Data Bias (2024)

During World War Two, the allied forces wanted to add protective armor to their war planes. Because resources were scarce, they couldn’t add armor to the whole plane. To decide where to allocate the armor, they looked at planes that got shot but still made it back home. These planes had no bullet holes on the engine or co*ckpit. With this in mind, they placed armor everywhere on the planes except for these two areas.

Luckily, mathematician Abraham Wald spotted a flaw in their thinking. He noticed that they only analyzed the planes that made it home safely, but overlooked the ones that didn’t.

The planes that were shot but still made it back were obviously not shot in fatal locations, otherwise they would not have made it back. The bullets had only caused minor damage.

So, Wald recommended the military attach armor to the areas where the surviving aircraft had no bullet holes instead.

By analyzing the planes that had failed, Wald birthed the idea of the survivorship bias -- and most likely saved many lives.

What’s the main takeaway here? That bias exists in the most unlikely of situations. It’s one of the reasons that an exact science like statistics can mislead people. Therefore, it’s important to see that how information is presented affects the perception of people. In this article, we’ll look into how bias can mislead people, and give you some advice so that you don’t become a victim of data bias.

Let’s have a look.

  1. Selection Bias
    Selection Bias occurs in research when one uses a sample that does not represent the wider population. This could happen if the sample is not diverse or random enough.
    Example: A study states that “81% of bank customers would prefer mobile banking if it were available.'' If this research was carried out only with people on their mobile devices, for example, the results of this research are flawed, because the sample is not diverse enough. The sample would be more diverse if it also included desktop users.
  2. Loss Aversion
    Loss Aversion is a common human trait - it means that people hate losing more than they like winning. We all hate losing even in cases where the end result of the loss is the same as the win. We will do anything to not lose, even if it means not winning either.
    Example: If you ask someone if they’d rather drop $2 they already have or find $2, they would be happier keeping their money rather than winning. Someone would rather not lose $2 than win $2.
  3. Framing Bias
    When presenting information, people present the data in a way that highlights the good aspects and plays down the bad ones. People will favor the information which makes them seem better, and this can be a big problem, especially for an amateur investor/shareholder.
    (NOTE: This is why marketing is such a lucrative industry. Most DIY investors make decisions based on their emotions, and without considering all the facts.)
    Example:

    Here’s a hypothetical company’s analyst call.
    Option 1: “In Q3, our Earnings per Share (EPS) were $1.25, compared to expectations of $1.27.”

    Vs.

    Option 2: “In Q3, our Earnings per Share (EPS) were $1.25, compared to Q2, where they were $1.21.”

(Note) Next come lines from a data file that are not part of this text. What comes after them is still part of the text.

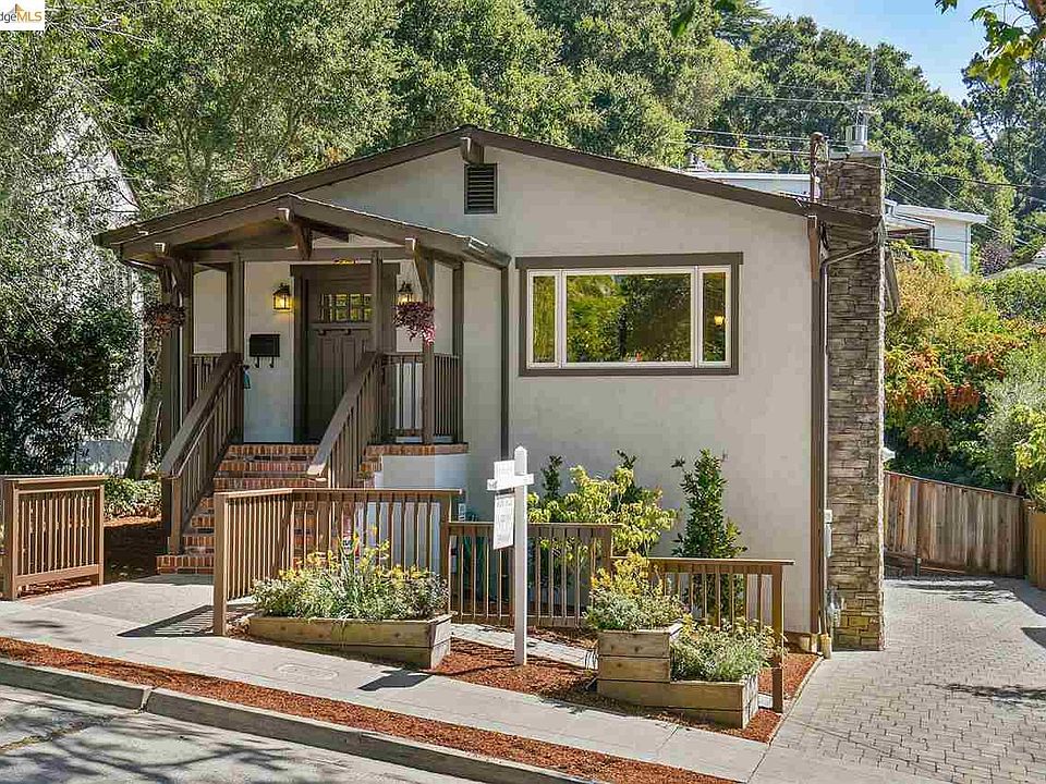 Berkeley Hills Rebuilt Craftsman Home with SF View. This Craftsman home has been rebuilt by the current owner. The home has been lifted, stripped and recreated to expand the living space to over 2100 square feet. Captivating views of San Francisco and the Golden Gate provide a backdrop for entertaining on the back deck overlooking the newly landscaped garden. The entry landscaping with built in planter boxes provides charm and privacy. The homes open living room and dining room feature refinished hardwood floors, built ins surrounding the fireplace and custom dining room bar. The gourmet kitchen was redesigned with new cabinetry, granite countertops and stainless appliances. The upper level has two bedrooms and new one bath. The lower level has a master retreat with a luxurious bath, walk in closet and hidden storage room and an additional bedroom or office and a third new bath.
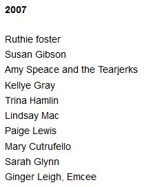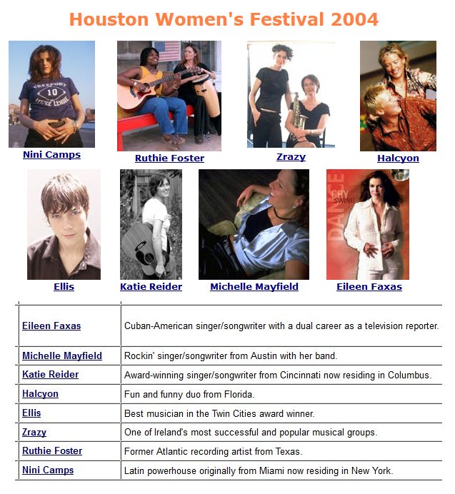 Eileen Faxas, Michalle Mayfield, Katie Reider, Halcyon, Ellis, Zrazy, Ruthie Foster, Nini Camps
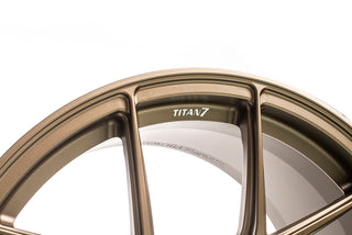 The T-S5 is a fully forged wheel designed completely with performance in mind. Pressurized with 10,000 TONS of industry leading pressure to give you a wheel that is incredibly strong while giving you all of the performance attributes you need in a track focused wheel. Upon close inspection you will notice strength adding ridges which have been strategically placed to give the wheel rigidity while keeping weight to a minimum. The split 5 spoke design was chosen for its motorsports heritage and track worthy structure. Each wheel from Titan 7 features traction improving bead seat knurling, beefed up inner rim flange for durability and strength, and logo machined accents. The T-S5 is designed for each application to clear all popular after market big brake kits while achieving maximum concavity. All wheels are durability tested according to JWL standards to ensure safety while you perform. Authentic performance from Titan 7. Forged for All. Available in Satin Titanium, Machine Black, Techna Bronze & Wicked Black.

    The first option portrays the company in a bad light, whereas the second option is much more positive. And this sort of framing is quite common.

  4. Anchoring Bias
    This bias is more focused on the psychological effect of data. Pre-existing information influences how someone might feel about another piece of data.
    Example: If you see a car that costs $85,000 and then another car that costs $30,000, you could be influenced to think the second car is very cheap. Whereas, if you saw a $5,000 car first and the $30,000 one second, you might think it’s very expensive.

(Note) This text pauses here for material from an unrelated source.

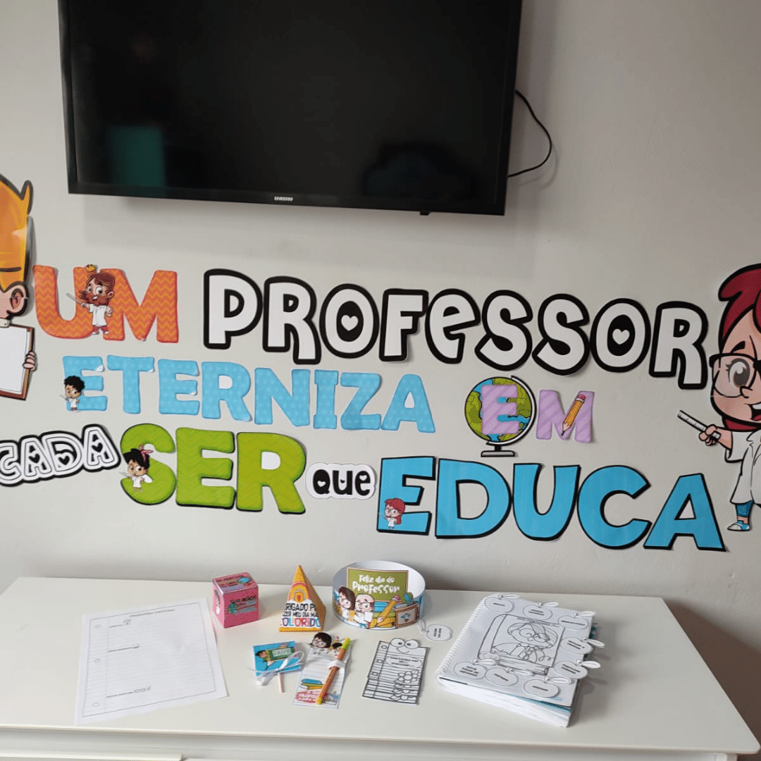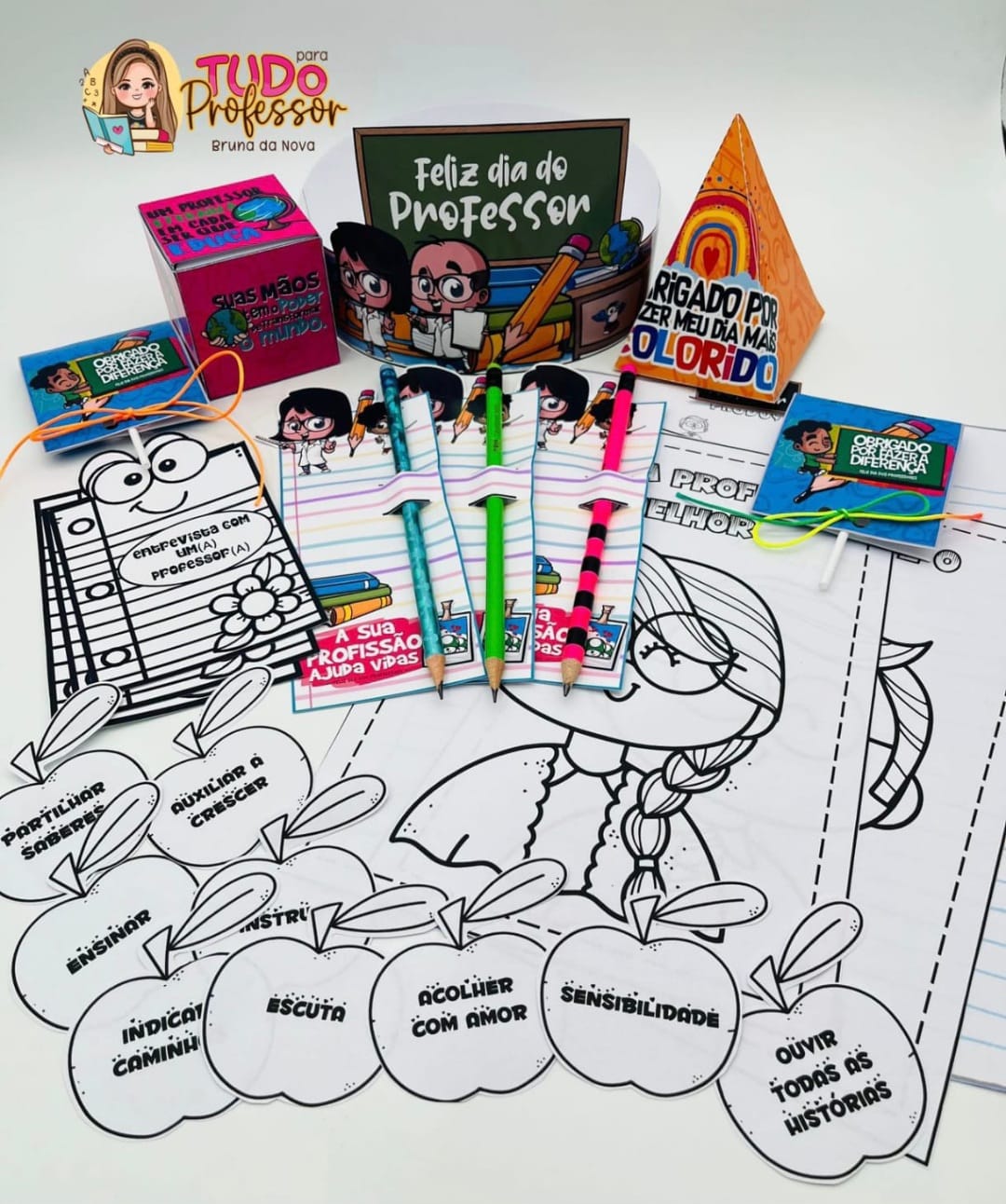 ✏️ Arte da frase. ✏️ 2 apliques ampliados. ✏️ 1 atividade interativa. ✏️ 1 flipbook: Entrevista com um professor. ✏️ TAG para pirulito. ✏️ 2 caixinhas presentes. ✏️ 1 atividade de produção textual. ✏️ Coroa. ✏️ Porta lápis.

Objectivity is extremely important for statistics. If a study is subjective, it will not hold any weight in the scientific community. Therefore, it is very important for anyone working with data to make sure that they guard against bias as much as they can.

One of the better ways to guard against the various types of biases is to look at ways that other people were influenced. This, in combination with critical thought, will make sure we don’t make the same mistakes as them.

  1. Peer reviews. They involve other people looking at your work, which helps make sure your data is objective from several points of view.
  2. Involve multiple people in each stage of the study. This helps any specific bias to be contained to that stage alone, and will help make sure that it does not affect the rest of the study.

Recently, Netflix had its earnings report for Q3, 2019. In that report, Netflix had varying degrees of success, across multiple fields.

Netflix increased its earnings in the quarter by a large margin. In fact, the earnings were much greater than what both it and Wall Street had predicted. However, it missed the checkpoint for expected subscriber growth.

Now there are 2 ways this could be presented.

One would be to focus on presenting the earnings of the company compared to previous quarters and forecasts. The other would be to present the underperforming subscriber growth. This is a great example of Framing Bias - both ways of presenting the information would be true, but each one would have a very different effect on the readers.

Bias is present in every aspect of our lives. And sometimes it can actually be helpful. Take the case of stereotypes. While I do not encourage stereotyping anyone for certain characteristics, it does help for fast analytical thinking in specific situations that might otherwise take time, for e.g. when you first meet someone. When used in the right way, quick generalizations can be of benefit.

But the occasional use of bias in those situations does not justify the potential harm it can do to a study or research. Bias can twist data and introduce a lack of credibility in a science which prides itself on being extremely precise. After all, that’s how we maintain the saying, ‘data never lies’.

Inspired? We hope so. As our personal and working lives are profoundly shaped by technology, it's important to build a tech industry that is inclusive and free from any gender bias. ‍For that reason, we are committed to #BreakTheBias by offering up to 50% scholarships to women who apply to any of our programmes. Learn more about the scholarship here.

Read more about the status of female representation in education and the workplace in our blog: Women in Tech: How to #BreakTheBias and Take Action in STEM Careers.

Head over to ourInstagram page for more cool content, or get in touch with us at hello@harbour.space to let us know what you thought!

Data Bias (2024)

FAQs

Data Bias? ›

Data bias occurs when incomplete or inaccurate data fails to accurately reflect the overall population. We use heuristics, or mental shortcuts, to quickly make sense of the world. Those shortcuts can become cognitive biases

cognitive biases
A cognitive bias is a systematic pattern of deviation from norm or rationality in judgment. Individuals create their own "subjective reality" from their perception of the input.
https://en.wikipedia.org › wiki › Cognitive_bias
or skewed ways of thinking about the world around us.

What are the 3 types of bias? ›

Three types of bias can be distinguished: information bias, selection bias, and confounding. These three types of bias and their potential solutions are discussed using various examples.

What are the 4 types of bias in statistics? ›

There are several types of bias in statistics, including confirmation bias, selection bias, outlier bias, funding bias, omitted variable bias, and survivorship bias.

How can you tell if data is biased? ›

Check for Unusual Data

Confirm Accuracy: Make sure the unusual data is correct by checking it against other sources or doing more analysis. Check for Missing Variables: See if any information is missing or incomplete in the data. This could introduce bias, so explore the data further to understand potential issues.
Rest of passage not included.